Bunlar vücudun içine nasıl yerleştirilir?

Bunlar 18-gauge hipodermik iğneye sığacak kadar küçüktür, bu yüzden onlar bu şekilde kolayca yerleştirilebiliyor. Aynı şekilde çıkarılabilirler de.

İçeri girdikten sonra nasıl çalışıyorlar?

Cihazların kullanılabileceği iki yol var. Birincisi, kronik olarak implante edildiği yerdir – basitçe yerleştirir ve yalnız bırakırsınız. Ancak vücudunuzda böyle bir şey bulundurmanın uzun vadeli sonuçlarını anlamak için çok daha fazla test yapılması gerekiyor.

İnanışa göre bu kadar küçük olması kabul edilebilir olmasına yardımcı olacak ve böylece yabancı cisim tepkisi daha az olacaktır. Diğer yol ise, bir süre sonra basitçe çıkarmanız olacaktır. Bunu da aynı tür bir hipodermik iğne kullanarak, ancak ultrasonla yönlendirerek yapabilirsiniz. İğneyi yönlendirmek, cihazı bulmak ve ardından emmek için ultrason görüntüleyiciyi kullanırsınız.

Potansiyel uygulamalar nelerdir?

Bu özel tasarım, bir ultrason görüntüleyiciye ek bilgi sağlamak için kullanılmakta. Ve bu, ultrason görüntülemesi yaptığınız hemen hemen her bağlamda kullanılabilir. Örneğin, klinisyenlerin ısı uyguladığı birçok klinik uygulama vardır. Dolayısıyla, ne kadar ısı uyguladığınızı bilmek istiyorsanız, sıcaklığı ölçen çipi kullanabilirsiniz.

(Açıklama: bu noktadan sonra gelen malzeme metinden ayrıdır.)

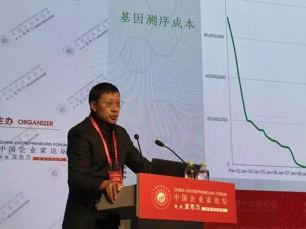 再给大家看一组非常重要且有意思的数据,即全球每一个领先行业排名第一的公司获得1亿用户所需的时间成本:无线电,38年;电信,11年;社交网络(PC时代),3年;移动互联网,1年;这个例子已充分说明,我们处在一个加速增长的时代。这种现象不仅仅发生在信息科技领域,也不仅仅是互联网范畴,我们看到,在生物科学领域里面,基因测序的成本过去十年从6万美金左右降到现在的几块美金,呈现出指数型下滑的曲线。
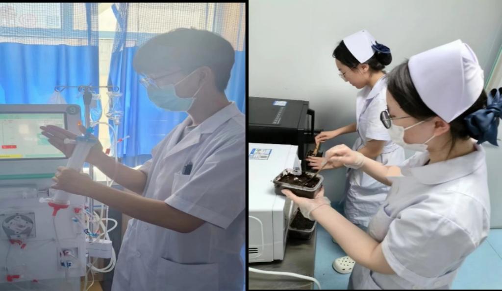 首先,了解一下透析室的同学们吧,大家都已学会生命体征测量、记录、血液透析管路安装、预充管路、管路拆卸、血液透析机管路巡管、血滤插管、管路排液,透析机消毒等。其次,在内科实习的同学,如今已学会了给患者静脉输液、换药、采血和配药等,以及在电脑上绘制体温单等。最后,在康复科的同学学会了拔针、拔罐,为患者热药进行热敷疗法,起药等等。如此看来,各位同学们实习的收获是满满的,进步非常大。

Ayrıca aradığınız belirli biyobelirteçler de olabilir, belki bir tümörün geri gelmediğini doğrulamak için zaman içinde sürekli ultrason görüntülemesi yapıyorsunuzdur. Ancak, bir endişe varsa daha da erken belirtmek için biyobelirteçleri ölçen bunun gibi cihazlar yerleştirmek mantıklı olabilir. Ayrıca bir yara içindeki çeşitli biyobelirteçleri izleyerek iyileşmeyi hızlandırmaya çalışıyorlar.

Sonraki adımlar nelerdir?

Bu ‘sistem olarak çip’ implantlarıyla yapabileceğiniz başka pek çok şey var. Şu anda merkezi sinir sistemi arayüzlerine – beyin/bilgisayar arayüzleri ve ağrı yönetimi gibi şeyler için çevresel sinir sistemi ile arayüz oluşturan cihazlar ve kan basıncı gibi şeyleri kontrol etmek için otonom sinir sistemi ile etkileşimler için – çok fazla ilgi var.

Bu cihazların sağladığı şey, hacimsel verimlilik dediğimiz şeydir – belirli bir miktarda yer değiştiren hacim için implante edilebilir cihazdan ne kadar işlev elde edebileceğinizin bir ifadesidir. Bu cihazlar hacimsel açıdan hayal edebileceğiniz en verimli cihazlardır, çünkü minimum miktarda yer değiştiren hacim için bu cihazlardan maksimum miktarda işlev elde edebilirsiniz. Bu da onlara pek çok avantaj sağlar.